Petkanolus

How Felicity Kavanagh Went from Confused to Ranking in Eight Months

Felicity runs a boutique consultancy helping remote teams clarify their workflows. She had no clue where to start with organic search and honestly didn't think it would work for her niche. Now her site brings in qualified leads every week without paid ads.

Industry : Workflow Consulting
Timeline : 8 Months
Location : Vancouver
Professional workspace showing organic search growth strategy implementation

What Changed and What It Took

We asked Felicity about the specific shifts that made the difference. Her answers are refreshingly honest about what worked, what didn't, and how long things actually took to show results.

What made you think this could work for your niche?

I wasn't convinced at first. My service felt too specialized. But I kept noticing people searching for very specific problems I solve. That's when I realized I didn't need massive volume, just the right people finding the right pages.

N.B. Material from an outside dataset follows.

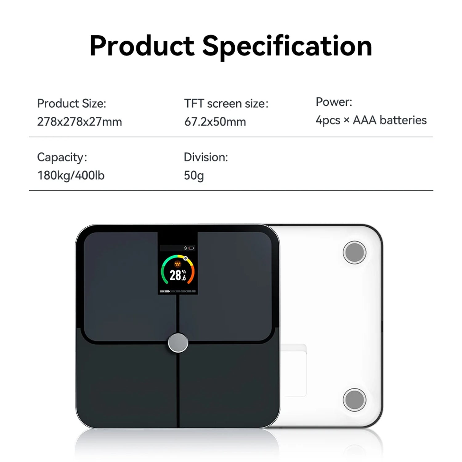 HIGH CAPACITY DESIGN Built to support up to 180kg/400lb with precise 50g increments, our durable construction and advanced sensors ensure accurate readings for users of all sizes and body types.

What was the hardest part of the first few months?

Writing content without sounding robotic. I'd write something, then realize it read like a manual nobody would finish. Learning to write naturally while still covering what people search for took real practice.

How many pages did you publish before seeing traction?

Around 18 in total. Not all at once. Some weeks I published two, other weeks none. The breakthrough happened when I stopped rushing and focused on making each page genuinely useful instead of just publishable.

Which metric mattered most to you?

Contact form submissions. Traffic numbers are nice, but I needed to know if the right people were finding me and taking action. That signal told me whether I was on track or wasting time on the wrong topics.

Did you change your service offering because of this?

Not the service itself, but how I talk about it. I learned which language potential clients actually use when they describe their problems. That shifted how I frame everything, not just on the website.

What would you tell someone starting from scratch today?

Pick a stupidly narrow topic to start. Don't try to compete with established sites on broad terms. Find one specific question your audience asks and answer it better than anyone else. Then do that again.